* _Task to carry out_: Look below for the line that contains "The Al Ain Rotana" and the line that contains "SUMMER PALACE – 3.5km FROM PKU", then restate both of them and every line in between, exactly. No picture goes in the copy.

** The data follows **

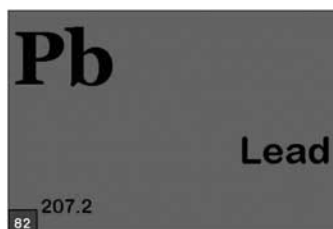
Symbol for lead. Periodic Table of Elements.
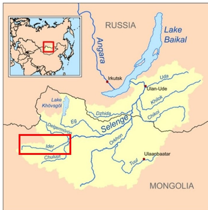
Figure 1. Geographical location of Ider River.

In 1950-1960s, hydrologist Kuznetsov conducted hydrological survey in Mongolia including morphometry and water regime of
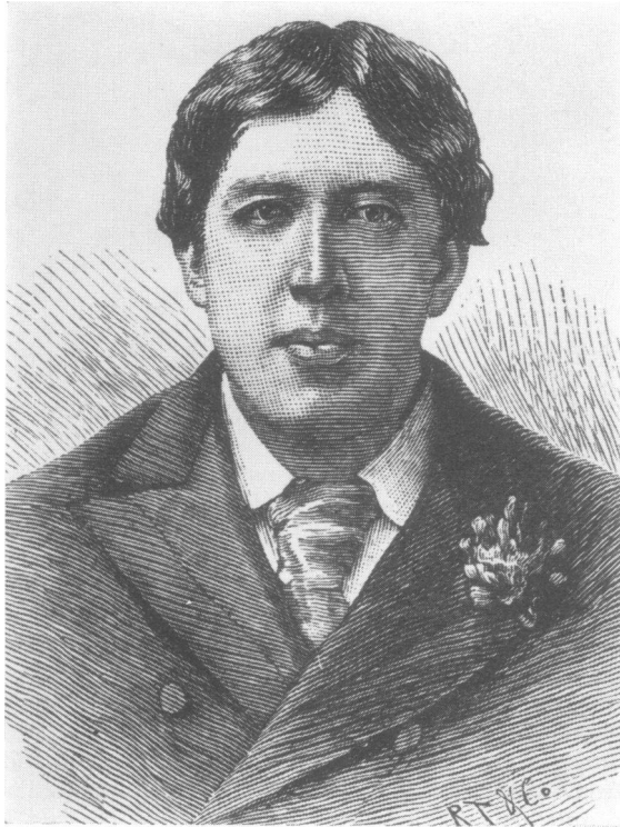
FIG. 3 Oscar Wilde, who contracted syphilis while an undergraduate at Oxford, died from an unassociated brain abscess in 1897

he refers to the disastrous consequences of their association. He received huge mercurial inunctions which left his teeth severely damaged. He had a medical examination before he married Constance Lloyd, and she gave birth to two healthy sons, but after the birth of the second his syphilis manifested itself again. He died in the Rue des Beaux Arts in Paris, probably of a cerebellar abscess due to otitis media consequent, he said, to falling upon his ear while in the Chapel of Reading Gaol. His grave in the Père La Chaise cemetery in Paris is now a place of pilgrimage for homosexuals.
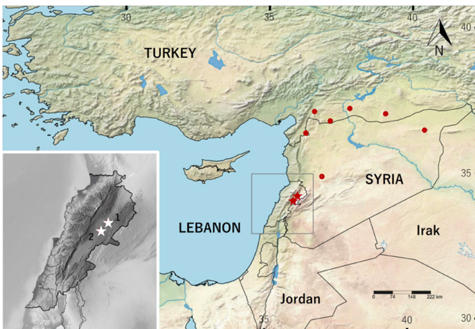
Fig. 2: Map showing collecting localities of Leiurus abdullahbayrami in Lebanon (stars in the main map and inset) and the current species' distribution (red dots), 1 – Maqneh, 2 – Brital

The trichobothrium db on the fixed finger of the pedipalp is located between trichobothria est and esb in the Lebanese specimens, as in the specimens from Turkey. On the other
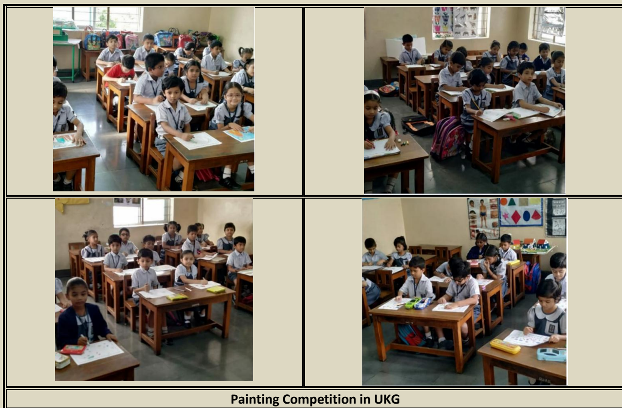
Painting Competition in UKG

UKG students had a painting competition amongst themselves. The topic given to them was “Seasons”. They tried to imagine the umbrellas, raincoats etc for the rainy season, woollen clothes for winter, and of course Ice creams for the summer season, and let their imagination flow. Good flow of Creativity!!
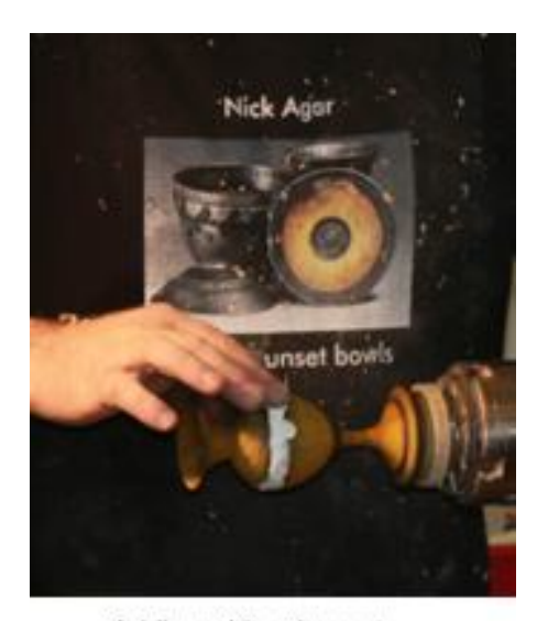
Adding white pigment
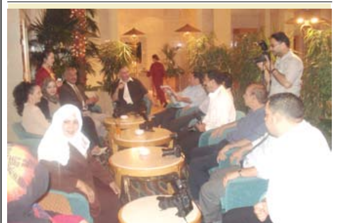
The Al Ain Rotana Hotel recently hosted an Iftar buffet for local journalists and media role players.
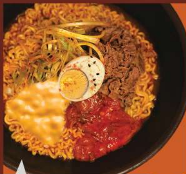
BEEF RAMEN BEEF + KIMCHI + CHEESE

Not sure what to choose? Try Pocha's recommended recipes!
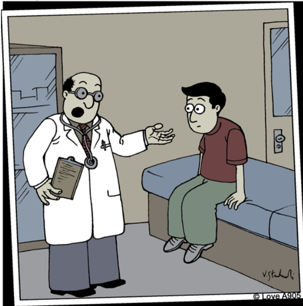
"A second opinion? All right, but I charge double for that."
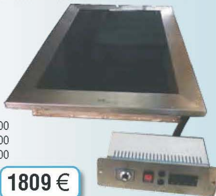
ENGINDUC 1200x600x200 1700x600x200 2200x600x200
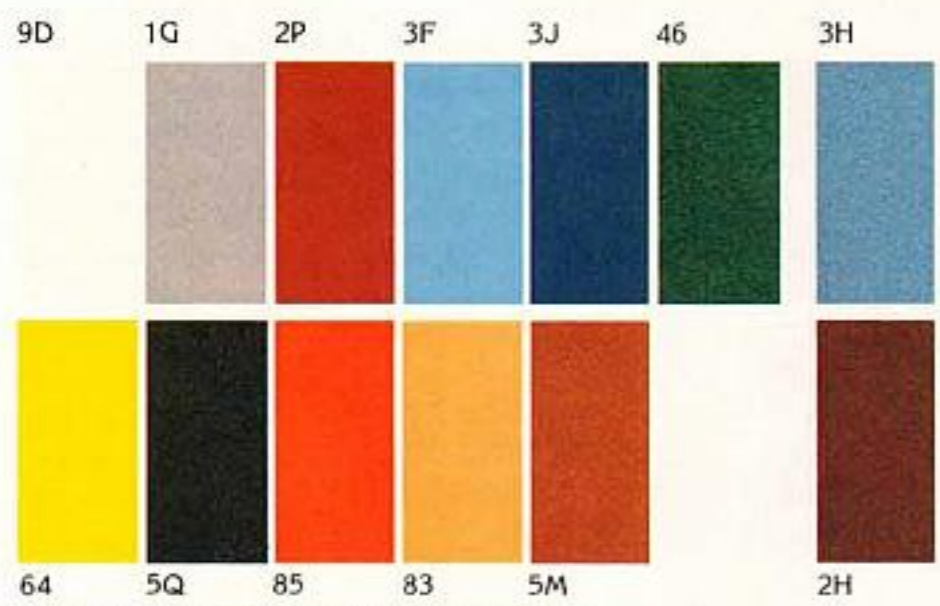
Colors shown here are a printed representation. For accurate color selection, see your Lincoln-Mercury dealer.
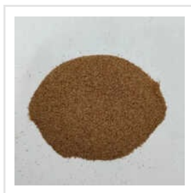
Brown Zircon Sand
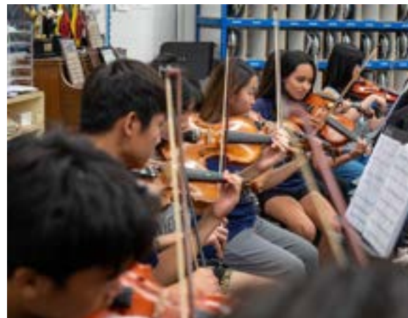
From left to right, Āliamanu Middle, Kaimukī Middle and Moanalua Middle Schools
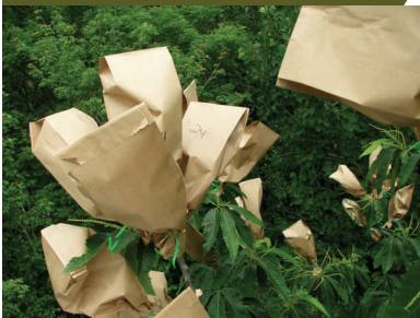
Bags over the female chestnut flowers keep blight-resistant pollen in and unwanted pollen out.
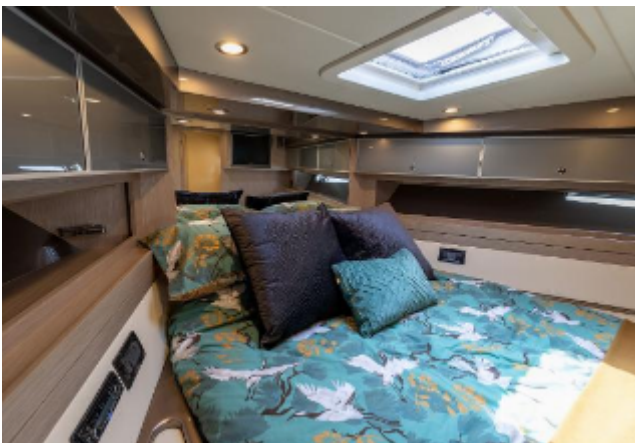
Riva Rivale 52 For Sale
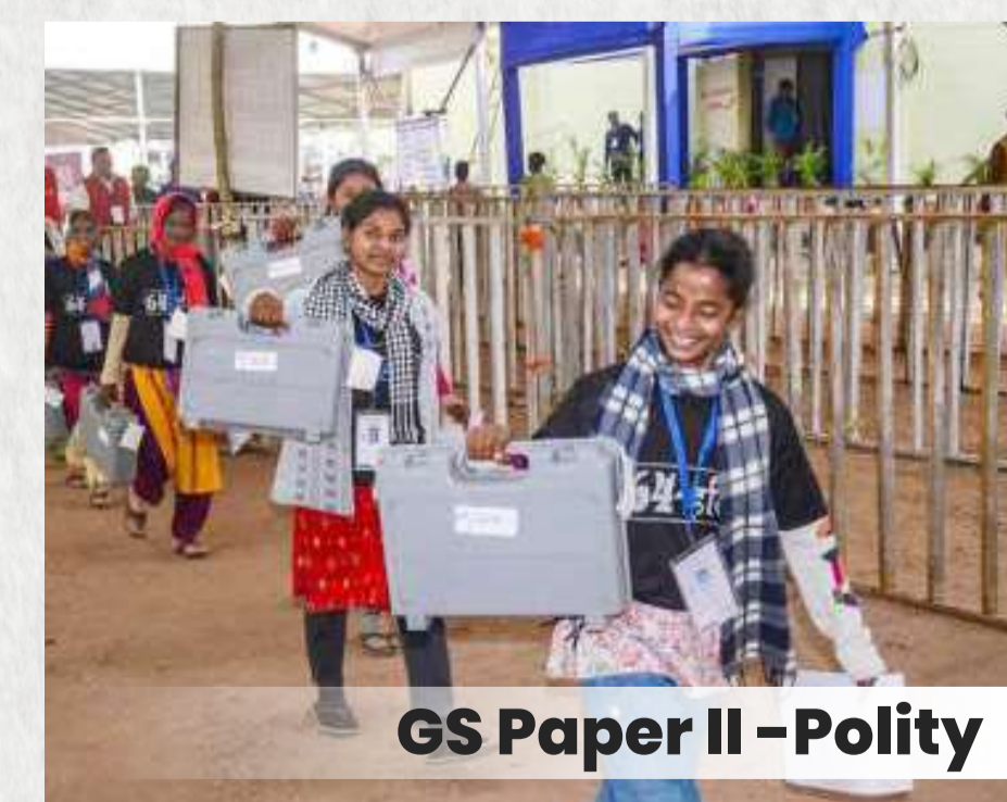
GS Paper II - Polity

The Supreme Court dismissed a plea for reintroducing paper ballots, emphasizing EVMs' reliability. The court highlighted the hypocrisy in EVM criticism based on election outcomes.
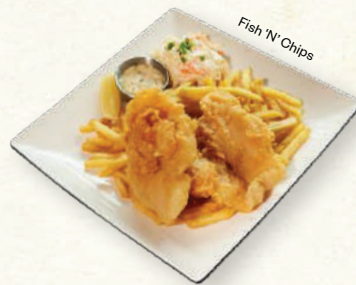
Fish 'N' Chips
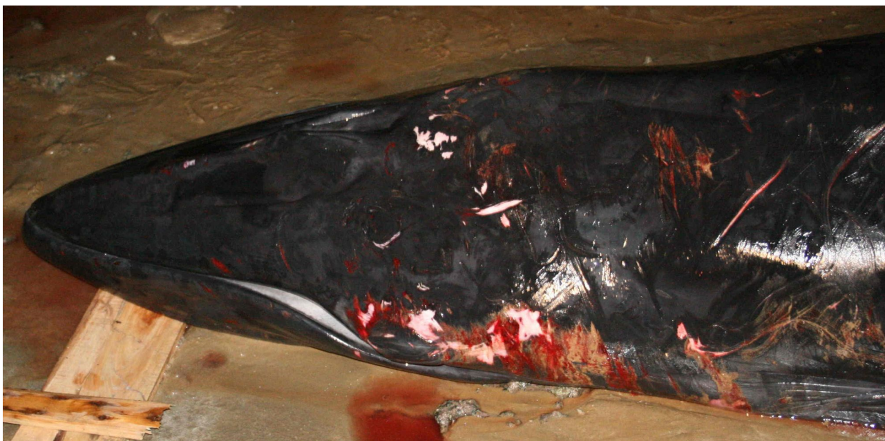
Figure 5. Overall dark pigmentation of the left body side of specimen QE22.09.2007, and in particular the uniformly darkly pigmented throat and left mandible contrasts with its paler right side (Figure 4). However note lighter pigmented left gape.
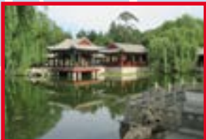
SUMMER PALACE – 3.5km FROM PKU
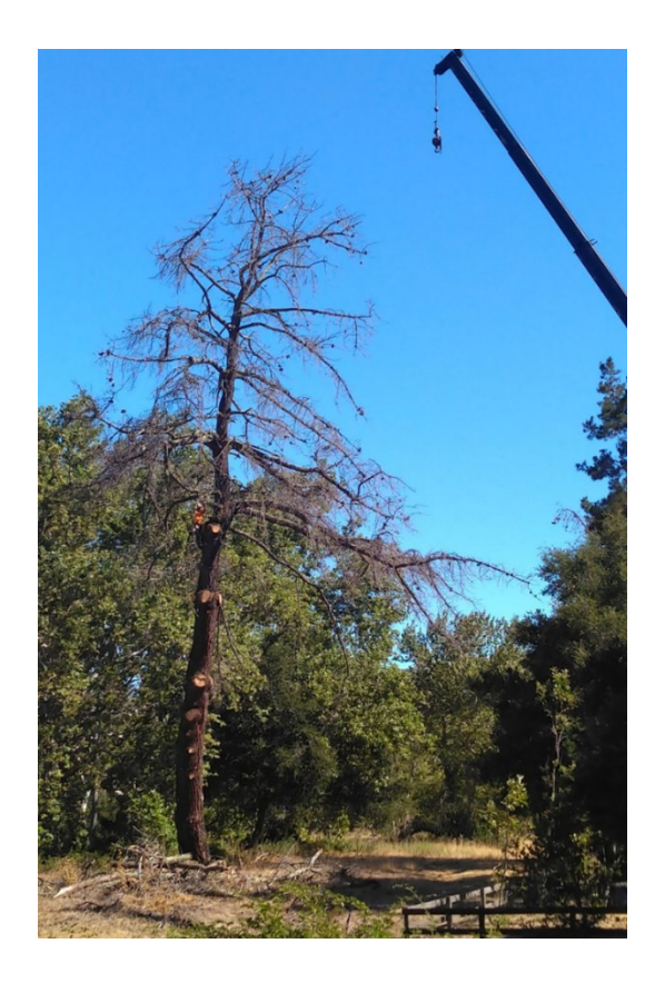
80' dead pine tree being removed at GRRP
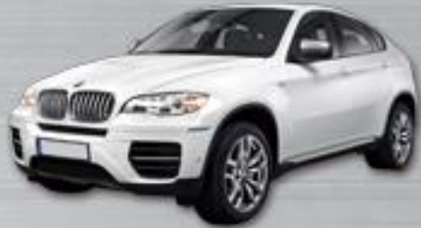
BMW OBD Key Match
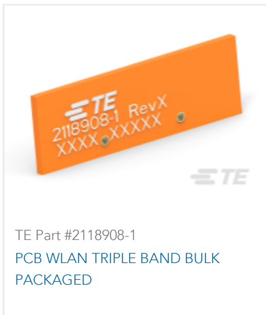
TE Part #2118908-1 PCB WLAN TRIPLE BAND BULK PACKAGED
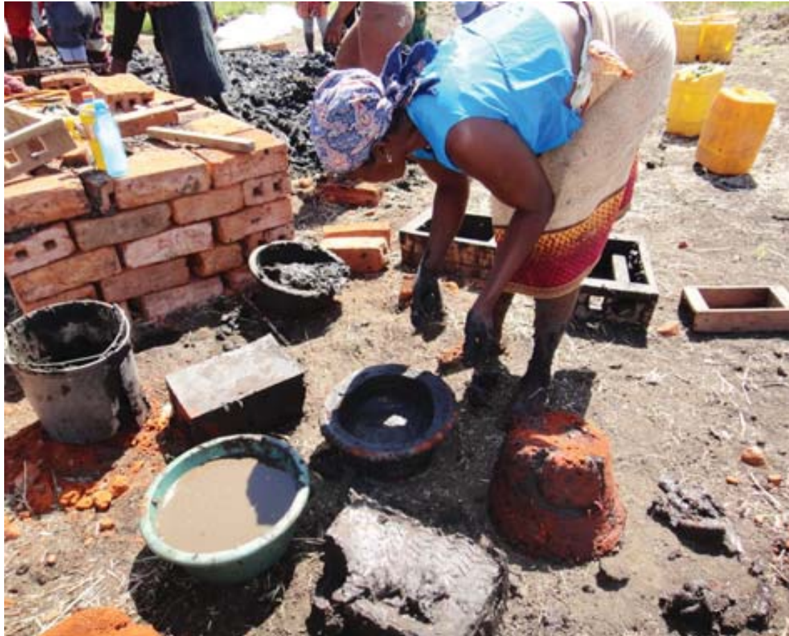
A woman works with clay to create a mud stove in Mozambique.
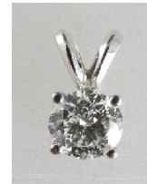
Lot # 559
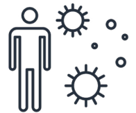
Kishkishi ooma ahkoush- iwin akaw tawnsheeshi kawnootinamin, kishpin ki nakishkamin keestwawm

Peekishkway avek li publik la saantii pamihwayw didawn toon a lawntour, kishpin aen kesyoon ki ayawn ouschi ooma cheestahouwin.

** End of The data **

* _Completed task_:
The Al Ain Rotana Hotel recently hosted an Iftar buffet for local journalists and media role players.
BEEF RAMEN BEEF + KIMCHI + CHEESE

Not sure what to choose? Try Pocha's recommended recipes!
"A second opinion? All right, but I charge double for that."
ENGINDUC 1200x600x200 1700x600x200 2200x600x200
Colors shown here are a printed representation. For accurate color selection, see your Lincoln-Mercury dealer.
Brown Zircon Sand
From left to right, Āliamanu Middle, Kaimukī Middle and Moanalua Middle Schools
Bags over the female chestnut flowers keep blight-resistant pollen in and unwanted pollen out.
Riva Rivale 52 For Sale
GS Paper II - Polity

The Supreme Court dismissed a plea for reintroducing paper ballots, emphasizing EVMs' reliability. The court highlighted the hypocrisy in EVM criticism based on election outcomes.
Fish 'N' Chips
Figure 5. Overall dark pigmentation of the left body side of specimen QE22.09.2007, and in particular the uniformly darkly pigmented throat and left mandible contrasts with its paler right side (Figure 4). However note lighter pigmented left gape.
SUMMER PALACE – 3.5km FROM PKU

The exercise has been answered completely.